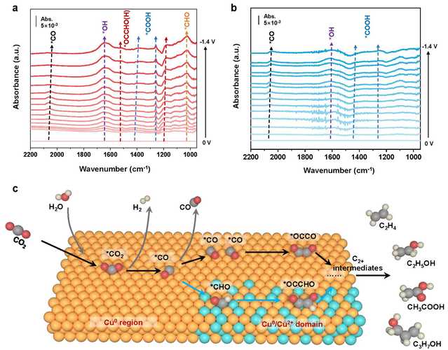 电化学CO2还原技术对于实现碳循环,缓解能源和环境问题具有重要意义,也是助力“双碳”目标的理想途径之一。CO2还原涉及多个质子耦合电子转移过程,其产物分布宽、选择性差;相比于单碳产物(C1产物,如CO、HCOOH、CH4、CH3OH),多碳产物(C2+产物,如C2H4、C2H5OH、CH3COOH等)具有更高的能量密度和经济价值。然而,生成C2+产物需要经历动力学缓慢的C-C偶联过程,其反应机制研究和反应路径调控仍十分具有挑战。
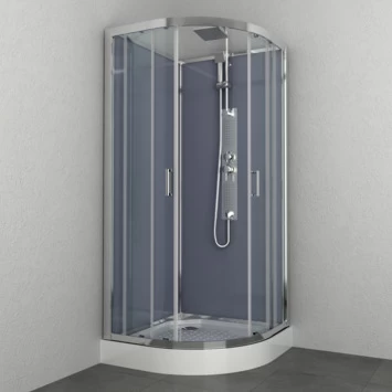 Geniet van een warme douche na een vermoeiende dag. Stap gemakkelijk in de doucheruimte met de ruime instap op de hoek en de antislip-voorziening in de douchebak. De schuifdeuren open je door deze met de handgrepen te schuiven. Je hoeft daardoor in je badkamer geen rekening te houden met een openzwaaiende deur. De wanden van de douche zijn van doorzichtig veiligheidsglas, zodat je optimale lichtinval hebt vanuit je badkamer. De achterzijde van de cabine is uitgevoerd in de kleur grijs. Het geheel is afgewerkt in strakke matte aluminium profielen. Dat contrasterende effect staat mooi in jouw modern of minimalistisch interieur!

======

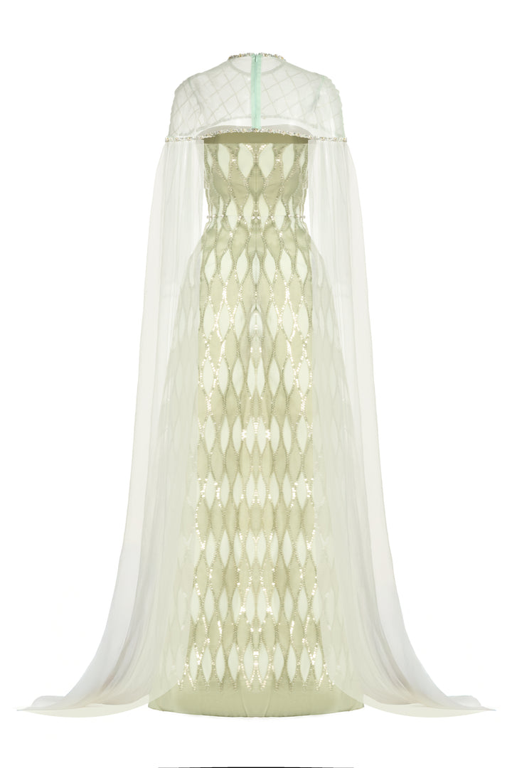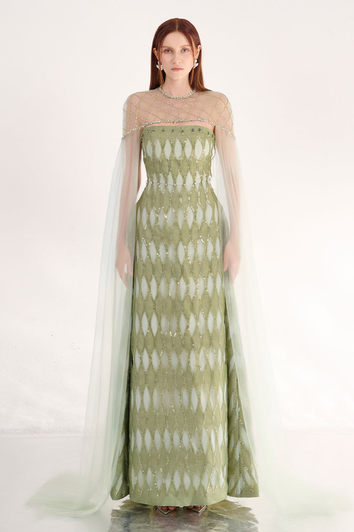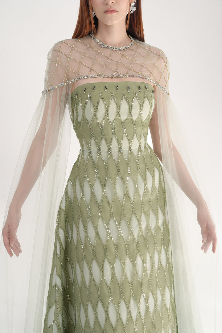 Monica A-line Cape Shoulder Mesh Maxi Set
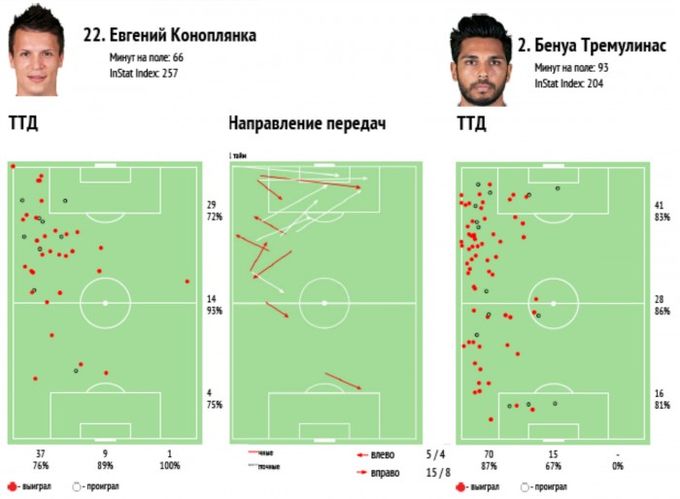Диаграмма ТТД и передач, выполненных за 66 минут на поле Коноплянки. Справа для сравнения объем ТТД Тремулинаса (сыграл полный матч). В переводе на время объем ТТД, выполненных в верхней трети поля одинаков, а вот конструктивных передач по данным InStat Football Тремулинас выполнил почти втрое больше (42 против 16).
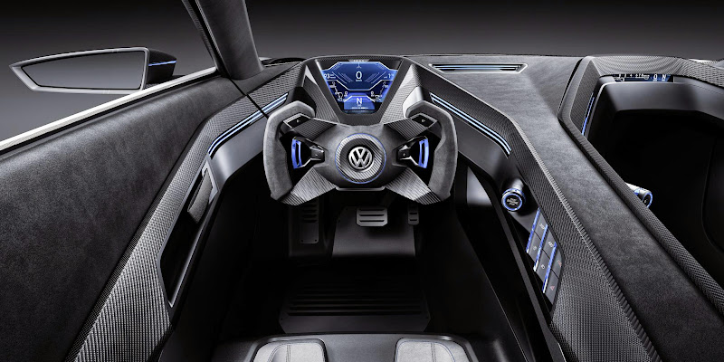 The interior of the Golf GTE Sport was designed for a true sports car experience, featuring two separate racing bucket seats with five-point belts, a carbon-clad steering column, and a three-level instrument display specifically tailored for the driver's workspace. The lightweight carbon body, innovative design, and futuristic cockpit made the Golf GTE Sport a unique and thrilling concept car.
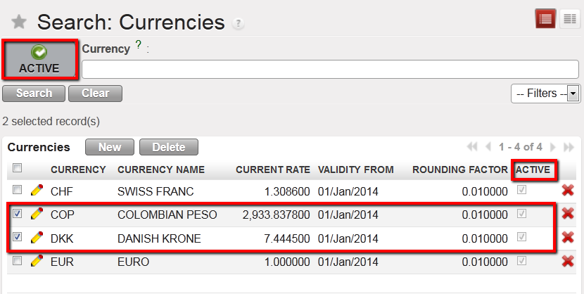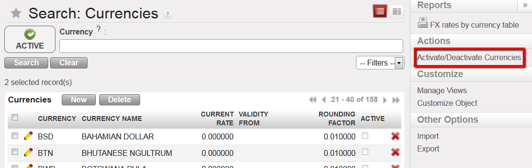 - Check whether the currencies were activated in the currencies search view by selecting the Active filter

======

(Work required):
Transcribe, from the material above, the stretch starting at the line with "The interior of" and ending at the line with "- Check whether", both included, exactly. Do not carry over pictures.

(Result of the exercise):
 The interior of the Golf GTE Sport was designed for a true sports car experience, featuring two separate racing bucket seats with five-point belts, a carbon-clad steering column, and a three-level instrument display specifically tailored for the driver's workspace. The lightweight carbon body, innovative design, and futuristic cockpit made the Golf GTE Sport a unique and thrilling concept car.
 - Check whether the currencies were activated in the currencies search view by selecting the Active filter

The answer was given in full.